In an article published on October 24, 2023, we canvassed the unsettled landscape for Canadian-resident US citizens to claim foreign tax credit against their US Net Investment Income Tax (the “NIIT”) under the U.S.-Canada Treaty (the “Canada Treaty”). There have been some changes since that article was published. Although the case law is not finally settled, there is currently authority for a foreign tax credit against the NIIT under the Canada Treaty. Given the 10-year statute of limitations for refunds due to foreign tax credit changes, this presents an opportunity for taxpayers to claim a refund for prior NIIT paid and to take the position prospectively on their US tax returns.

To recap the history, the IRS position is that relief is not available under the US-Canada Social Security Totalization Agreement or under a tax treaty.
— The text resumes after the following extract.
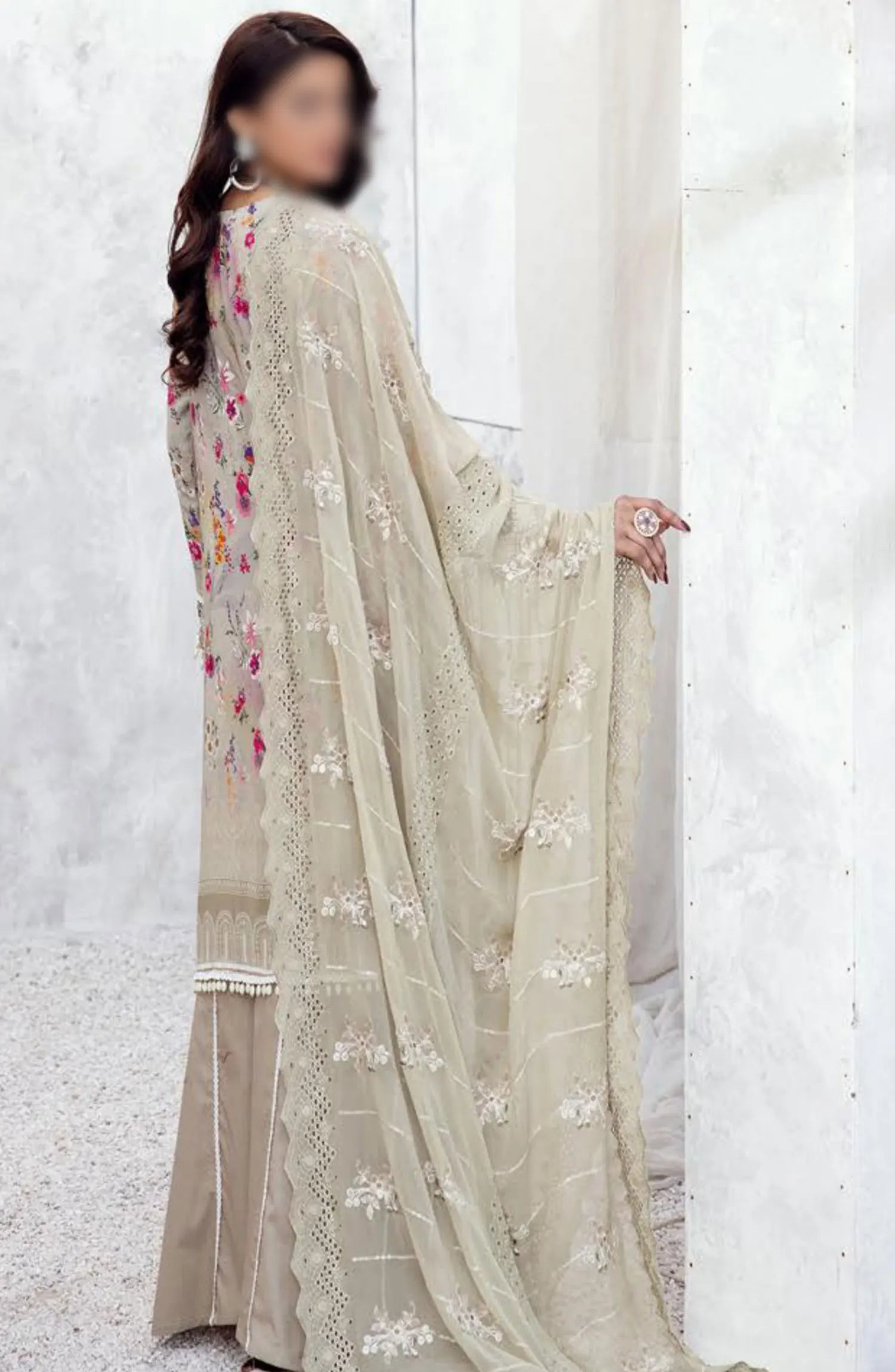 AJR Garden Whisper Embroidered Silk Unstitched 3 Piece Suit - AJR-GW-06 LUMIERE - AJR25GW - Beige - Luxury Collection

There are court decisions both ways leaving a state of confusion. In Christensen v. United States, 168 Fed. Cl. 263 (2023), the court held that there is an independent credit against the NIIT under Art. 24(2)(b) of the U.S.-France treaty, which is limited to US citizens resident in France.

However, the Christensen court also held that Art. 24(2)(a) of the U.S.-France treaty, the provision equivalent to Art. XXIV(1) of the Canada Treaty, does not allow foreign tax credit against the NIIT. The same conclusion is reached in Toulouse v. Commissioner, 157 T.C. 49 (2021) involving the U.S.-France treaty and Kim v. United States, 664 F. Supp. 3d 1062 (C.D. Cal. 2023) involving the U.S.-South Korea treaty. The United States has appealed the decision in Christensen.

On December 5, 2024, the Court of Federal Claims issued an opinion in Bruyea v. United States, 174 Fed. Cl. 238 (2024), holding that Art. XXIV(1) of the Canada Treaty provides for a foreign tax credit against the NIIT despite the US law limitation clause. The government argued that a credit is only available against taxes within Chapter 1 (income taxes) of the Internal Revenue Code and not those within Chapter 2 where the NIIT is placed. In any case, the government’s view is that the NIIT would override the Canada Treaty because the NIIT was created later in time.

The court rejected both arguments. In the court’s view, the US law limitation clause does not eliminate the availability of a credit under the Canada Treaty. The court noted that Arts. XXIV(1) and XXIV(4) of the Canada Treaty apply to US taxes on income “irrespective of the manner in which they are levied.” The court found support from treaty materials such as the Treasury Department’s Technical Explanation, the Congressional Joint Committee Report, and the Letter of Submittal. The court further stated that the Canada Treaty guarantees that any future amendment to US law will not change the general principle of the Canada Treaty’s goal of eliminating double taxation.

The Court of Federal Claims is a court of nationwide jurisdiction, meaning all taxpayers can rely on its opinions. The Bruyea case provides more than substantial authority for the position that, under the Canada Treaty, Canadian resident US citizens or US residents with Canadian source income can take a foreign tax credit against the NIIT.

The government has appealed Bruyea to the Court of Appeals for the Federal Circuit. On April 15, the Court of Appeals approved the motion to consolidate Bruyea with Christensen, in which the Court of Federal Claims examined the same issue under the US-France treaty and ruled that the treaty does not independently provides a credit. As the language in the relevant provisions of both treaties is substantially similar, both cases will be heard on the merits together as companion cases to determine the common question of whether the treaty provides for an independent foreign tax credit against the NIIT. A hearing on the merits is expected in late fall of 2025 or early 2026 with a decision in both cases likely by mid 2026.

In the interim, a few things are clear:

  1. The Bruyea decision provides substantial authority to claim a foreign tax credit against the NIIT on Canadian source income under the Canada Treaty. There is a chance the IRS may reject these returns, but the technical basis for them is well founded.
  2. As outlined in our prior article, there is a good case that there is a credit in Canada for the NIIT imposed on US source income.
  3. Refunds are possible going back 10 years in the US.